Your task —
The answer must be an exact copy of the records below, with every picture left out.

────────────────────────────────────────

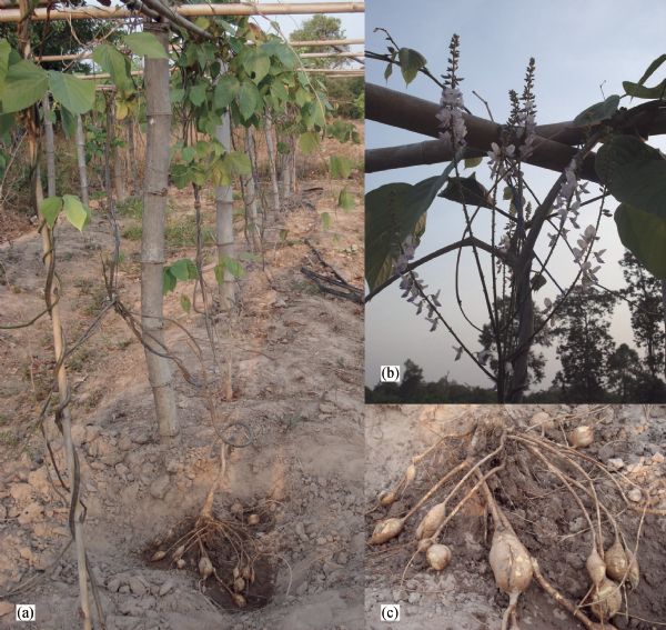 Pueraria mirifica Airy Shaw et Suvatabandhu is a medicinal plant endemic to Thailand. It has been used in Thai folklore medicine for its rejuvenating qualities in aged women and men for nearly one hundred years. Indeed, it has been claimed that P. mirifica contains active phytoestrogens (plant substances with estrogen-like activity). Using high performance liquid chromatography, at least 17 phytoestrogens, mainly isoflavones, have been isolated. Thus, fairly considerable scientific researches, both in vitro in cell lines and in vivo in various species of animals including humans, have been conducted to date to address its estrogenic activity on the reproductive organs, bones, cardiovascular diseases and other climacteric related symptoms. The antioxidative capacity and antiproliferative effect on tumor cell lines have also been assessed. In general, P. mirifica could be applicable for preventing, or as a therapeutic for, the symptoms related to estrogen deficiency in menopausal women as well as in andropausal men. However, the optimal doses for each desirable effect and the balance to avoid undesired side effects need to be calculated before use.
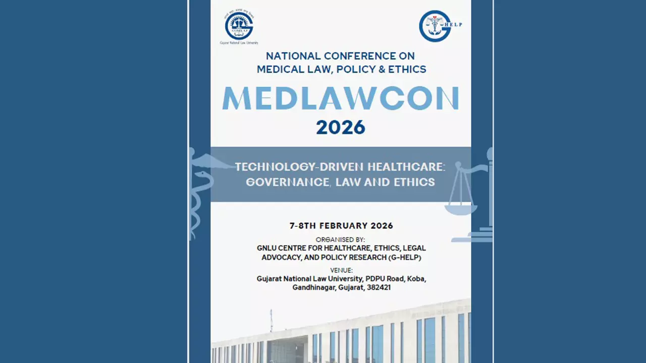 The Gujarat National Law University (GNLU), through its Centre for Healthcare, Ethics, Legal Advocacy and Policy Research (G-HELP), has announced the 3rd National Conference on Medical Law, Policy & Ethics (MEDLAWCON-2026), to be held on 7–8 February 2026 at GNLU, Gandhinagar, Gujarat.
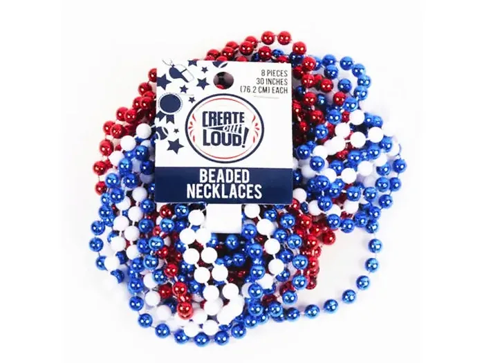 Each necklace is crafted from durable plastic, featuring a metallic finish on the red and blue beads. With 8 necklaces included in each pack, you're set for any celebration. Each necklace measures a generous 30 inches long, ensuring a perfect fit for kids and adults alike.
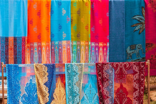 Laos- Luang Prabang. Colorful textiles- possibly scarves- for sale. Black Ornate Wood Framed Art Print with Double Matting by Haseltine, Tom
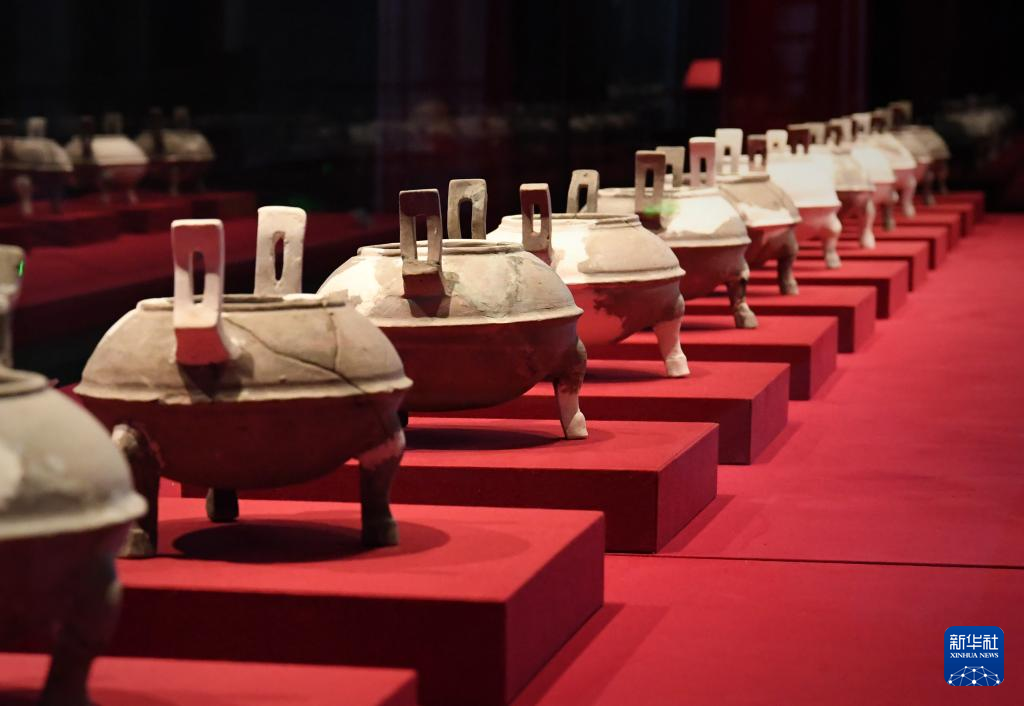这是曹操高陵遗址博物馆内展出的陶鼎(4月22日摄)。
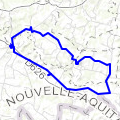 Trajet Mazerolles circuit trail Uchacq-et-ParentisDépart Salle des fêtes, direction lotissement du ruisseau, Larioucla ,Traversée piste, champ Jacquot, boucle Bois, Descente long piste cyclable, longé ruisseau jusqu'au rond point de Villeneuve, revenir par le long de la rocade , contour du champs par la gauche, revenir vers la piste, la longé, passer sous le pont , revenir par la piste du gaz jusqu'au champs de layan, le longé par la droi »
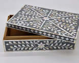 Add a touch of refined elegance to your vanity with this Mother of Pearl Inlay Jewelry Box in Grey. Handcrafted by skilled Indian artisans, this piece features intricate mother of pearl inlay work, creating a delicate and timeless floral pattern that glistens softly against a warm beige background.
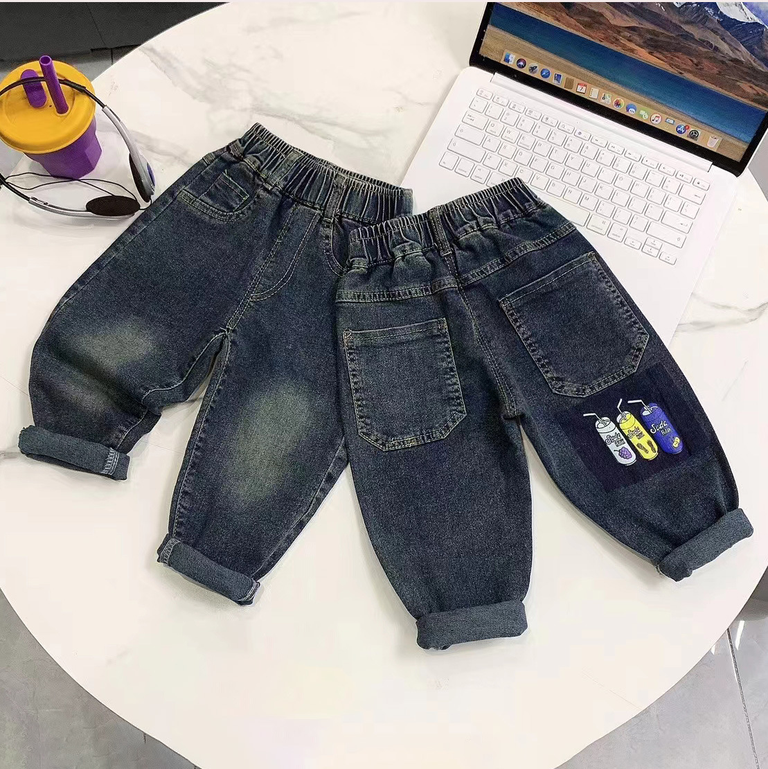 어린이 청바지 봄과 가을 소년 한국 스타일 바지 만화 스트레치 어린이와 소녀 가을을위한 세련된 바지

────────────────────────────────────────

The answer —
 Pueraria mirifica Airy Shaw et Suvatabandhu is a medicinal plant endemic to Thailand. It has been used in Thai folklore medicine for its rejuvenating qualities in aged women and men for nearly one hundred years. Indeed, it has been claimed that P. mirifica contains active phytoestrogens (plant substances with estrogen-like activity). Using high performance liquid chromatography, at least 17 phytoestrogens, mainly isoflavones, have been isolated. Thus, fairly considerable scientific researches, both in vitro in cell lines and in vivo in various species of animals including humans, have been conducted to date to address its estrogenic activity on the reproductive organs, bones, cardiovascular diseases and other climacteric related symptoms. The antioxidative capacity and antiproliferative effect on tumor cell lines have also been assessed. In general, P. mirifica could be applicable for preventing, or as a therapeutic for, the symptoms related to estrogen deficiency in menopausal women as well as in andropausal men. However, the optimal doses for each desirable effect and the balance to avoid undesired side effects need to be calculated before use.
 The Gujarat National Law University (GNLU), through its Centre for Healthcare, Ethics, Legal Advocacy and Policy Research (G-HELP), has announced the 3rd National Conference on Medical Law, Policy & Ethics (MEDLAWCON-2026), to be held on 7–8 February 2026 at GNLU, Gandhinagar, Gujarat.
 Each necklace is crafted from durable plastic, featuring a metallic finish on the red and blue beads. With 8 necklaces included in each pack, you're set for any celebration. Each necklace measures a generous 30 inches long, ensuring a perfect fit for kids and adults alike.
 Laos- Luang Prabang. Colorful textiles- possibly scarves- for sale. Black Ornate Wood Framed Art Print with Double Matting by Haseltine, Tom
这是曹操高陵遗址博物馆内展出的陶鼎(4月22日摄)。
 Trajet Mazerolles circuit trail Uchacq-et-ParentisDépart Salle des fêtes, direction lotissement du ruisseau, Larioucla ,Traversée piste, champ Jacquot, boucle Bois, Descente long piste cyclable, longé ruisseau jusqu'au rond point de Villeneuve, revenir par le long de la rocade , contour du champs par la gauche, revenir vers la piste, la longé, passer sous le pont , revenir par la piste du gaz jusqu'au champs de layan, le longé par la droi »
 Add a touch of refined elegance to your vanity with this Mother of Pearl Inlay Jewelry Box in Grey. Handcrafted by skilled Indian artisans, this piece features intricate mother of pearl inlay work, creating a delicate and timeless floral pattern that glistens softly against a warm beige background.
 어린이 청바지 봄과 가을 소년 한국 스타일 바지 만화 스트레치 어린이와 소녀 가을을위한 세련된 바지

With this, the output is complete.